慰謝料の話をした途端に逆上するケースや離婚に踏み切られてしまう可能性もあります。配偶者の性格をよく考えて選択しましょう。

④それでも浮気をやめない場合

話し合いをし、慰謝料などのペナルティを課しても配偶者が浮気をやめない場合、自分自身の心の持ち方を変えたほうがいいでしょう。

「浮気をしていても戻ってくればいい」と大きく構えることです。

浮気をした側からの離婚請求は法的に認められていないので、別れるも別れないもあなたの気持ち一つで決まります。「離婚したくない」と思っている間は、離婚しなくても良いのです。

ただし、配偶者が浮気相手の家へ逃げ込むなどして別居をされると、お子様の年齢や、配偶者の経済状況等様々の要因にもよりますが、ケースによっては3年経過すれば夫婦関係が破綻しているとみなされてしまう場合もありますので気を付けましょう。

(2)配偶者に経済的な問題がある場合

①借金がある場合

結婚前に黙っていた借金や結婚後に無断で作られた借金が配偶者にあり、それでも離婚したくない場合は、借金の全容を早急に明らかにしましょう。

その上で返済計画を立てることです。ライフプランナーに相談すれば、この先にかかるお金の目処もつきます。その上で無理のない返済計画を立てましょう。

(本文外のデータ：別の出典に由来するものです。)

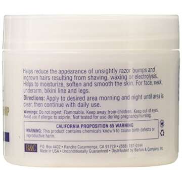 Show moreIntroducing a skincare innovation that is poised to revolutionize your grooming routine: the premium ingrown hair and razor bump cream, model number 5581. Packed into a sleek and practical container, this cream is your trustworthy ally against the discomfort of razor bumps and ingrown hairs. Users have praised its superior effectiveness, especially when transitioning from traditional liquid solutions that often leave skin feeling dry and irritated. With ingredients carefully selected to deliver results, this cream not only helps clear existing bumps but also works to prevent future occurrences.
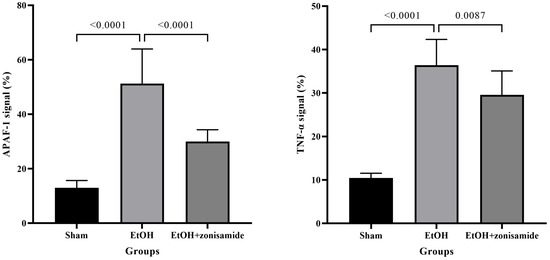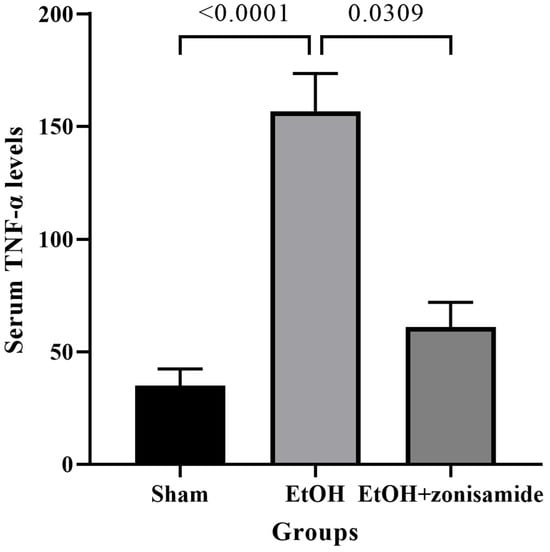 Serum TNF-α levels were significantly increased in the EtOH group compared to the sham group (p < 0.0001). After zonisamide treatment, serum TNF-α levels were significantly decreased in the EtOH + zonisamide group compared to the EtOH group (p = 0.0309), suggesting that zonisamide effectively alleviated ethanol-induced inflammation (Figure 1).

またその後の再発防止のために、スマホやカードの使い方のルールを決めておきましょう。改善されない場合にはスマホやカードの解約も視野に入れるべきです。

②生活費を渡してくれない場合

配偶者が生活費を渡してくれない場合、まずその原因が何かを知る必要があります。

リストラや転職期間で無職なら支え合う必要がありますし、働く気がないのなら家事をする気があるのかないのかでも違います。あなた自身が生活費を稼げるのであれば問題ありません。

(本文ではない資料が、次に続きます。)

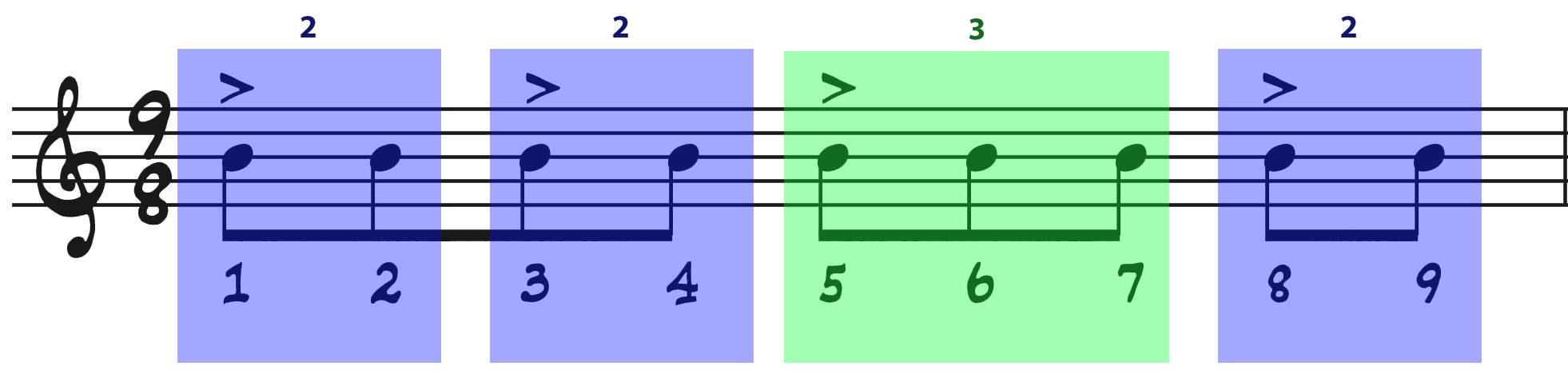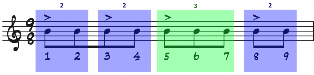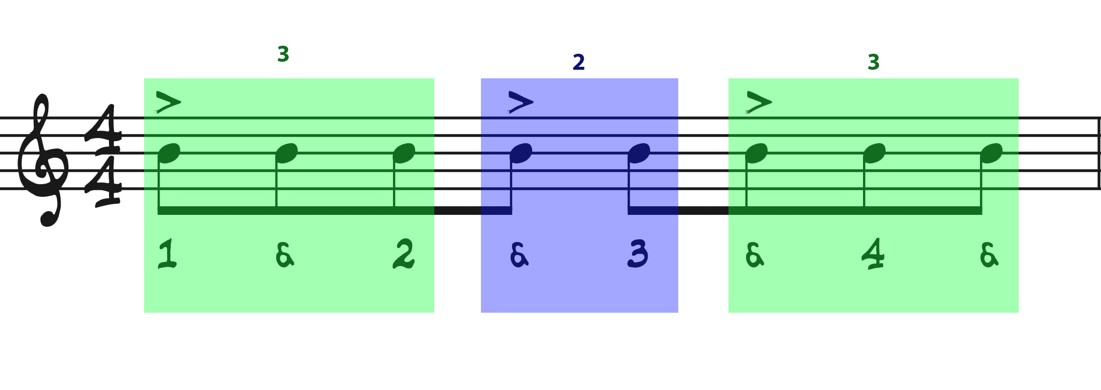 Se invece di pensare alla battuta come gruppi di 2 ottavi che si ripetono (quindi 2 + 2 + 2 + 2) iniziassimo a pensare a questa stessa battuta come gruppi differenti di ottavi, ad esempio 3 + 2 + 3?
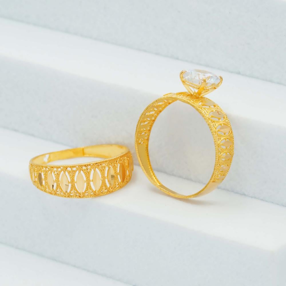 خاتم توينز ذهب عيار 21 بتصميم استثنائي يدمج بين اللمسة العصرية والفخامة الكلاسيكية، مرصع بحجر لامع مميز يلفت الأنظار ويمنحك إطلالة فخمة تخطف القلوب والأنظار في حفلة خطوبتك، أو زواجك ، ويحعلك تتألقين بأكثر لحظات حياتك تميز. 💍
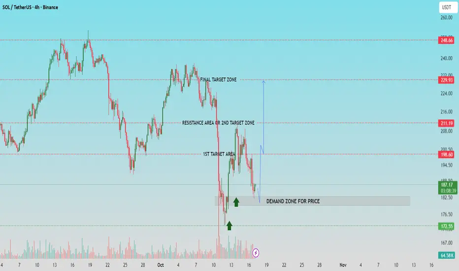 SOL is currently trading inside a well-defined demand zone. Price has reacted positively to this level twice before (green arrows), suggesting buyer interest and possible accumulation.
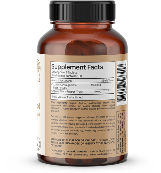 Organic Ashwagandha Root with Black Pepper | Vegan 1360 mg
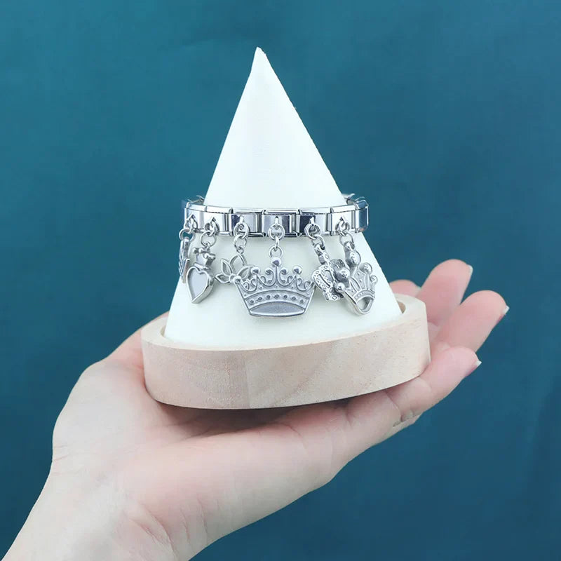 Our bracelets are made of 18 Charm links that expand & contract to suite your wrist perfectly. All of our Charms are compatible so you can easily add & remove links as you see fit.

いずれにしろ、あなた自身が当面の生活費を稼ぐ必要があるでしょう。

また、夫婦には生活保持義務があります。これは「お互いの生活レベルが同等となるよう助け合わなければならない」という義務です。

夫婦での話し合いでの解決が難しい場合には、第三者である調停員に間に入ってもらうのも手です。

(3)DVを受けている場合

DVを受けているけれど離婚したくないという場合もありますね。こういったケースですと、本人たちよりも周囲が離婚を勧める傾向にあります。

離婚したくないと思ったら、まずは夫婦関係改善のためにカウンセリングを受けましょう。配偶者が拒否している場合はあなただけでも大丈夫です。

カウンセリングでは、DVの内容や頻度、どう対応すればいいのかなどを相談できます。今は離婚する意思がなくとも、将来離婚を考えた時のためにDVの診断書をあわせて取ってもいいでしょう。

また、DV加害者更正教育プログラムを利用し、再発防止に努めることもできます。

まとめ

いかがでしたか?今回は離婚したくないと思った場合の回避策についてお話しました。円満な夫婦に戻るためには、時間も努力も必要です。

この記事が、離婚を回避するための参考になれば幸いです。